Russia's World-Class Accounting Games


By Paul Starobin It's the financial scandal of the moment in Russia. A government watchdog organization, Russia's Audit Chamber, is investigating the auditing of energy titan Gazprom by PricewaterhouseCoopers, apparently spurred at least in part by a BusinessWeek article highlighting shareholder criticism of the auditing (see BW, 2/18/02, "Gazprom: Russia's Enron?").

The agency has already suggested that Gazprom, which is 38% owned by the Russian government, replace PwC as its outside auditor. The energy company is now organizing a tender to select an auditor for its 2002 accounts. PwC, which has been signing off on Gazprom's books since 1996, may lose the job.
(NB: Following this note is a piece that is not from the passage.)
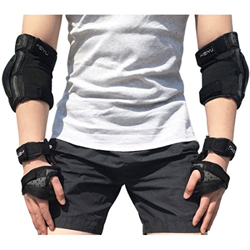 【Pad protezione di alta qualità】--Progettato per la sicurezza e il comfort.Gomito, ginocchio e polso 6 pezzi al set, ti offrono protezione a 360 ° e perfetta mentre fai sport.Molteplici cinghie elastiche regolabili e chiusure in velcro per una vestibilità sicura per varie ginocchiere.

Shades of Enron? The PwC-Gazprom controversy may sound familiar to anyone following the woes of the Houston energy company and its auditor, Arthur Andersen. But, in fact, such problems in the largely unregulated relationship between auditors and companies in post-Soviet Russia run much deeper and are far more common than anything known in the U.S.

PLENTY OF COMPANY. Russian regulators now must act quickly to establish tough uniform standards ensuring that auditors serve the interests of shareholders, not management. Without such requirements, responsible shareholder capitalism is unlikely ever to flourish in Russia, leaving the country bereft of vital investment capital.

Gazprom is hardly the only company that may be failing to disclose sufficient information to shareholders. Russian oil giant Lukoil, audited by KPMG, another U.S. Big Five firm, also doesn't adequately report transactions with businesses apparently connected to management, according to Moscow fund manager Mattias Westman, director of Prosperity Capital Management. KPMG says Lukoil's books are audited according to generally accepted accounting principles, but investors like Westman remain skeptical. "Big U.S. investment funds stay away from Russia because of lack of confidence in disclosure," he contends.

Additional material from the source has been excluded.